| Work to complete |
Go to the line holding "Classic Charm for" in the data below and repeat it exactly, then each line after it up to and including the one holding "2. Nyújtsuk ki". Omit pictures.

| Task data |
- - - - -

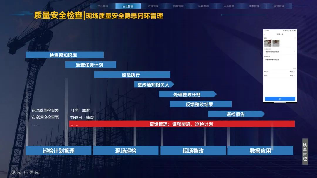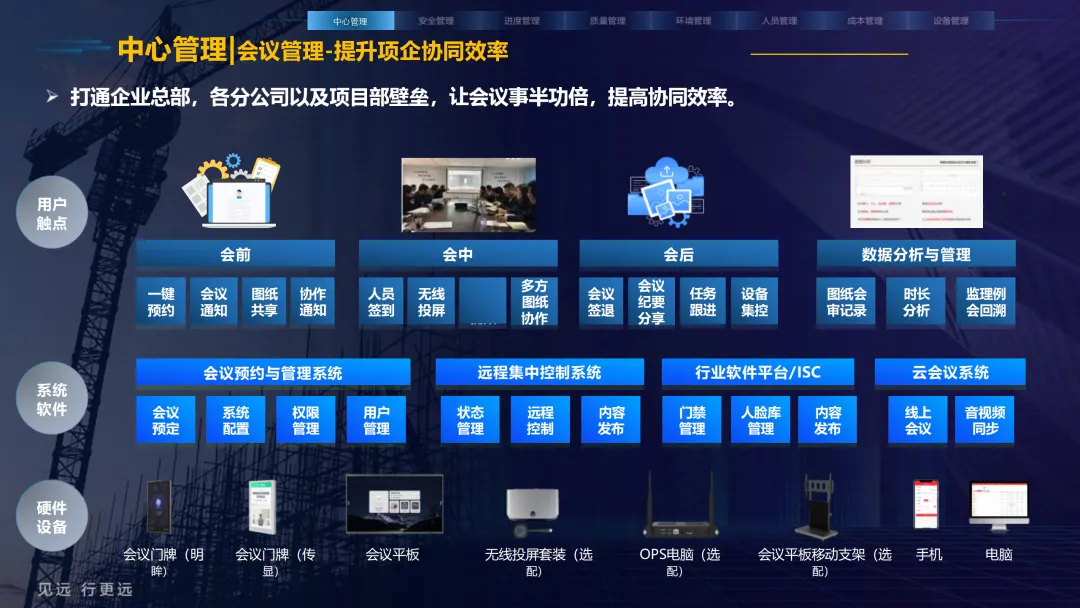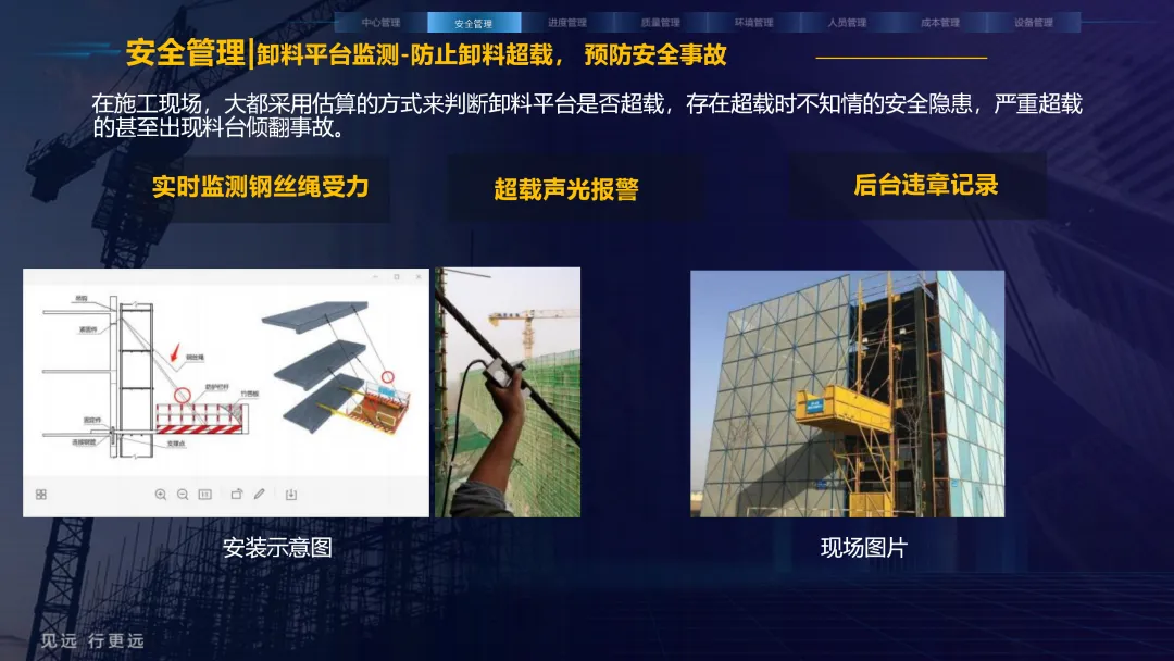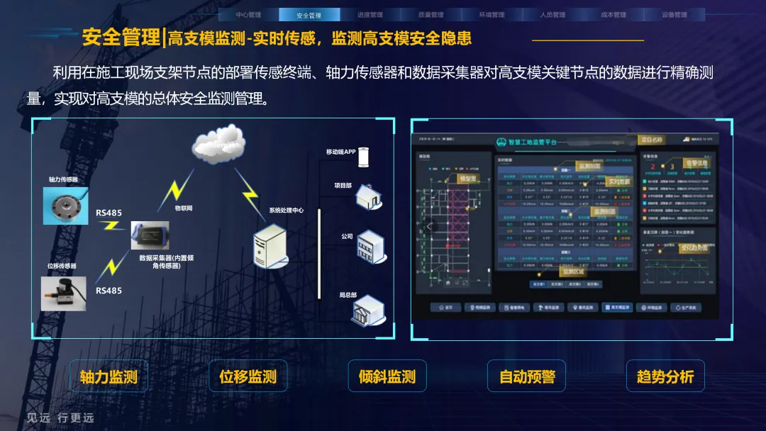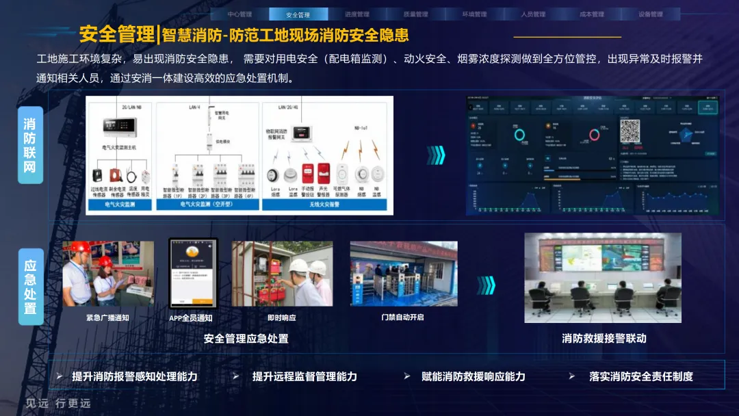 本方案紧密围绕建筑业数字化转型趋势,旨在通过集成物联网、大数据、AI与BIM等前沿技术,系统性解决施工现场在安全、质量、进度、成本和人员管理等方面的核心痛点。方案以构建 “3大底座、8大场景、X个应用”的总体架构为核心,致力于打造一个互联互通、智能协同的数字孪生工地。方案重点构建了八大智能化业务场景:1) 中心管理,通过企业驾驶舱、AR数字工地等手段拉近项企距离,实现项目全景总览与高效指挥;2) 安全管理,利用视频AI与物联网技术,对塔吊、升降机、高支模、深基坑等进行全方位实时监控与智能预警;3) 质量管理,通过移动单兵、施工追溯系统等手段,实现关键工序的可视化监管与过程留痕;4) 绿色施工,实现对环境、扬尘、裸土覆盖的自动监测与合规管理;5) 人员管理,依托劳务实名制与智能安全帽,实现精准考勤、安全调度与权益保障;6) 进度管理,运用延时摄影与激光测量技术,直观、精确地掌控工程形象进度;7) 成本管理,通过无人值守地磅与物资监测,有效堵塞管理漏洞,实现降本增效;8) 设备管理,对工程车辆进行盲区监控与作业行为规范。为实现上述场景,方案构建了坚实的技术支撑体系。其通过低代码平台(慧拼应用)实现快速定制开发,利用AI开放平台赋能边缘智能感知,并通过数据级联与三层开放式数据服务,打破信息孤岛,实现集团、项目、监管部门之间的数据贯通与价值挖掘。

- - - - -

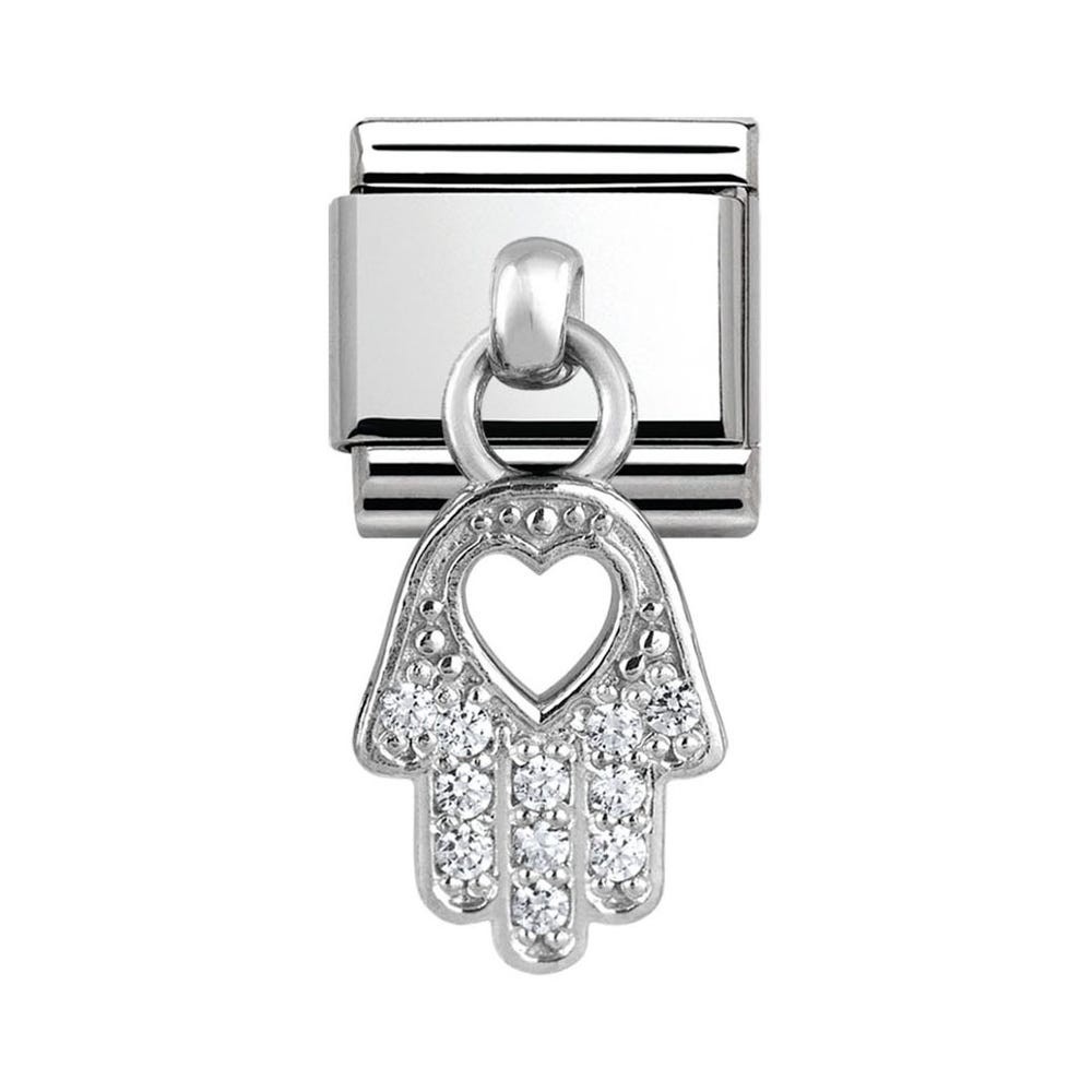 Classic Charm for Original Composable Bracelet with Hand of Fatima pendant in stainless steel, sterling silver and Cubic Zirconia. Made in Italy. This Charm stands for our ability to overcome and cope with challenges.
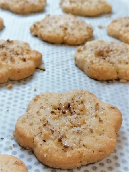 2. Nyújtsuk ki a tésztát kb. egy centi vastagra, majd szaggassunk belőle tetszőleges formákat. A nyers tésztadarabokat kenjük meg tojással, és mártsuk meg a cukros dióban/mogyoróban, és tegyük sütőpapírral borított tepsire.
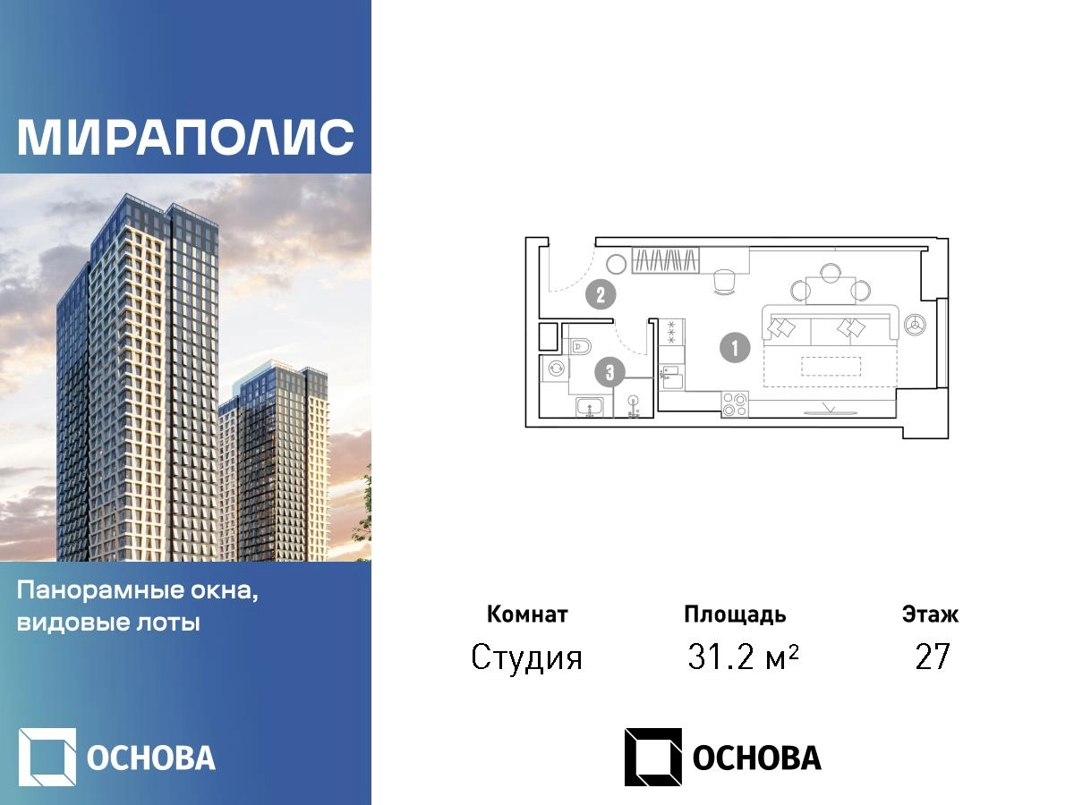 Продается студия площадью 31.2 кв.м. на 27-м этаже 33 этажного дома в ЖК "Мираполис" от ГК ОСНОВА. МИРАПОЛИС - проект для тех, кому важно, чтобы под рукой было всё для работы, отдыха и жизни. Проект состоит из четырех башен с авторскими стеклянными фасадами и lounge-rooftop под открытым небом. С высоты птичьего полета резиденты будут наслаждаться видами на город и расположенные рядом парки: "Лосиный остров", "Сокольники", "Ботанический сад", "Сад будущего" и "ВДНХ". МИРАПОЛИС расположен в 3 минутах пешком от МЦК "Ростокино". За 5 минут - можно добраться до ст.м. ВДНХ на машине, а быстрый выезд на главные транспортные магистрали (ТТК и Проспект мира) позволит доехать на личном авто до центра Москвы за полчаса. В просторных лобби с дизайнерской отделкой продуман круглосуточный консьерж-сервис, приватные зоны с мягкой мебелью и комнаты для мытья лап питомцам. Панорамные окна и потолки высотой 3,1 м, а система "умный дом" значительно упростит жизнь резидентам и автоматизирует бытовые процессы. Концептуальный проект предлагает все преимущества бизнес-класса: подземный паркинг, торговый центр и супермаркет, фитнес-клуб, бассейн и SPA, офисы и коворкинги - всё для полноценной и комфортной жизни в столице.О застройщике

- - - - -

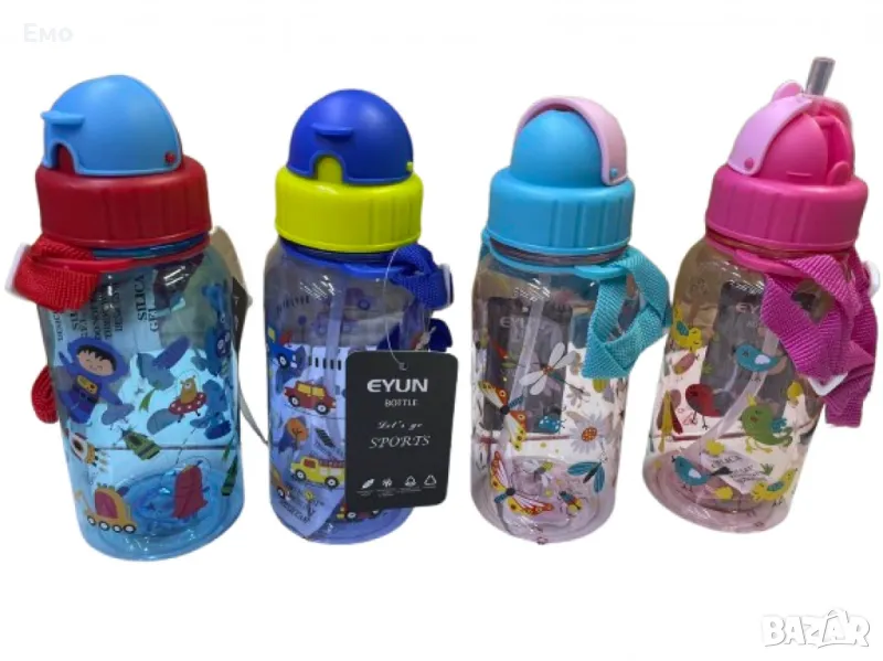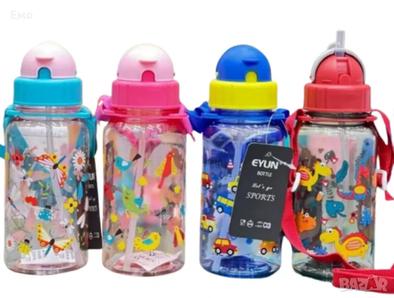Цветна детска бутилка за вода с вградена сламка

- - - - -

| Solution |
 Classic Charm for Original Composable Bracelet with Hand of Fatima pendant in stainless steel, sterling silver and Cubic Zirconia. Made in Italy. This Charm stands for our ability to overcome and cope with challenges.
 2. Nyújtsuk ki a tésztát kb. egy centi vastagra, majd szaggassunk belőle tetszőleges formákat. A nyers tésztadarabokat kenjük meg tojással, és mártsuk meg a cukros dióban/mogyoróban, és tegyük sütőpapírral borított tepsire.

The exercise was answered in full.